# Who's getting the short end of the stick?



## transplant (May 11, 2016)

Chris and I recently married in our early 50’s. We have decided to keep separate bank accounts. We are both debt-free. We have adult children from previous marriages and have protected our assets with a prenuptial agreement. Our separate wills leave most of our assets to our own children. 
Since graduating from high school, Chris has been mostly self-employed and owns a house shared with me. Chris saved nothing for retirement before we married. Chris has a net worth of about $150K which is primarily the value of the house. If Chris dies, I will receive only a minimal amount of spousal benefits from Social Security. Chris’ children will split the house.
I have a job with excellent benefits including health care for Chris and me. My net worth is about $400K which is primarily the value of my retirement funds. I hope to save enough to afford a winter retirement home for us in a more favorable climate. If I die, Chris will receive spousal benefits from Social Security, spousal benefits from my pension, a life insurance payment of about $60K, plus $20K that I bequeathed in my will. My children will split the remainder of my assets.
Chris pays about one fourth of the household expenses and I pay the other three fourths including the real estate taxes on Chris’ house. In addition, I also pay for all entertainment outside the house including vacations, meals, concerts, etc.

Chris and I both think this financial arrangement is not equitable and strongly favors the other. Specifically, Chris thinks I should contribute more to expenses or a joint savings account since I pay no rent to live in the house. Plus, Chris has an irrational fear that I could leave without sharing my retirement funds. I think Chris is lucky that I spent most of my adult life saving for retirement and am willing to share it.

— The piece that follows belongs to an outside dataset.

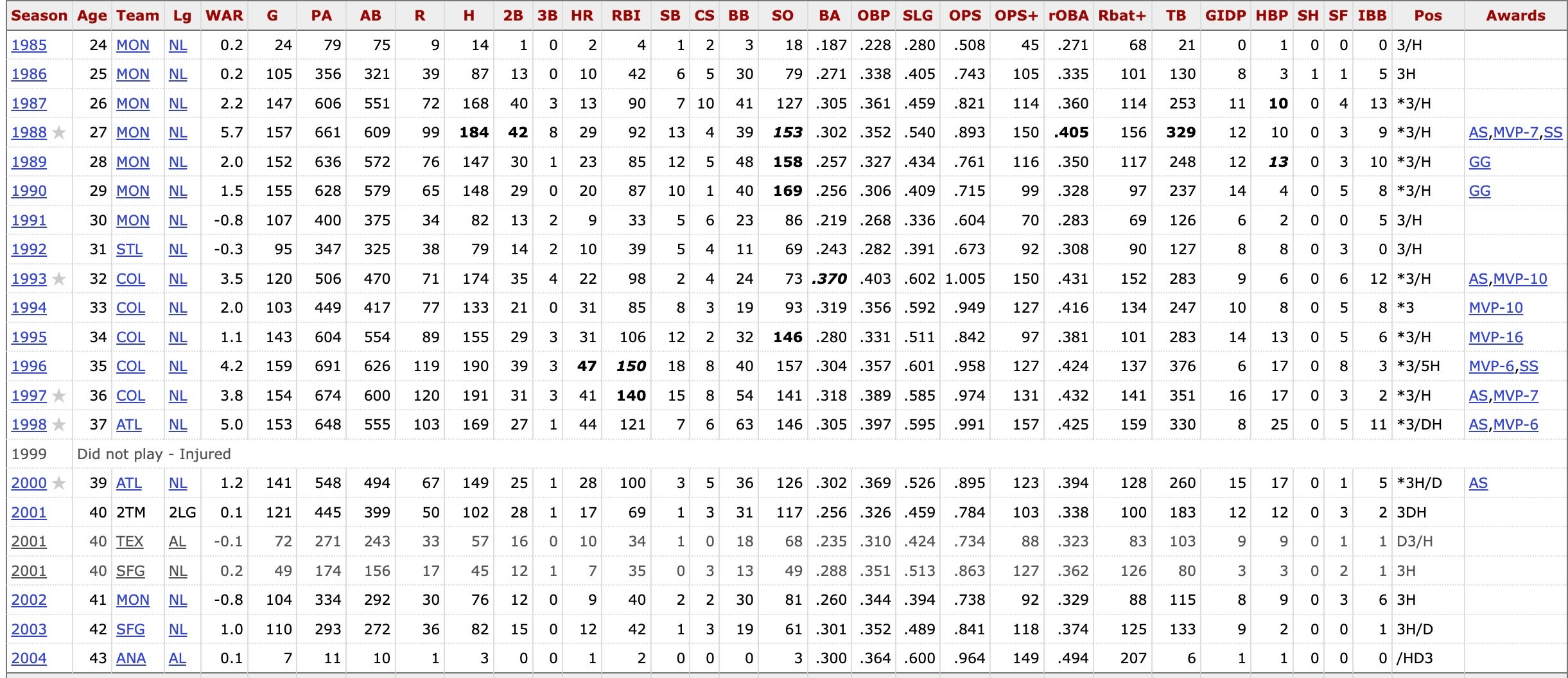 Add it all up and Galarraga may not be a Hall of Famer. But there should be at least one person hyping him up on social media every year using cherry picked stats for Galarraga and against the players who may not deserve to be in Cooperstown over him.

If I did leave before retirement, Chris will still be much better off financially than before we wed. We would like your opinions.


----------



## TheTruthHurts (Oct 1, 2015)

transplant said:


> Chris and I recently married in our early 50?s. We have decided to keep separate bank accounts. We are both debt-free. We have adult children from previous marriages and have protected our assets with a prenuptial agreement. Our separate wills leave most of our assets to our own children.
> Since graduating from high school, Chris has been mostly self-employed and owns a house shared with me. Chris saved nothing for retirement before we married. Chris has a net worth of about $150K which is primarily the value of the house. If Chris dies, I will receive only a minimal amount of spousal benefits from Social Security. Chris? children will split the house.
> I have a job with excellent benefits including health care for Chris and me. My net worth is about $400K which is primarily the value of my retirement funds. I hope to save enough to afford a winter retirement home for us in a more favorable climate. If I die, Chris will receive spousal benefits from Social Security, spousal benefits from my pension, a life insurance payment of about $60K, plus $20K that I bequeathed in my will. My children will split the remainder of my assets.
> Chris pays about one fourth of the household expenses and I pay the other three fourths including the real estate taxes on Chris? house. In addition, I also pay for all entertainment outside the house including vacations, meals, concerts, etc.
> ...


This sounds like a story problem from school. Is Chris make or female?


----------



## TheTruthHurts (Oct 1, 2015)

I'm not one to ask. Met W at age 19 and am in my 50's and we have pooled all assets the whole time. We only have "our" things. I've earned more than W the entire time but we share financial values and live pretty simply and have accumulated wealth. Our house is big but full of kids. My new car is a 2001 but we have almost 7 figures saved plus the house (but have 5 kids to put through college)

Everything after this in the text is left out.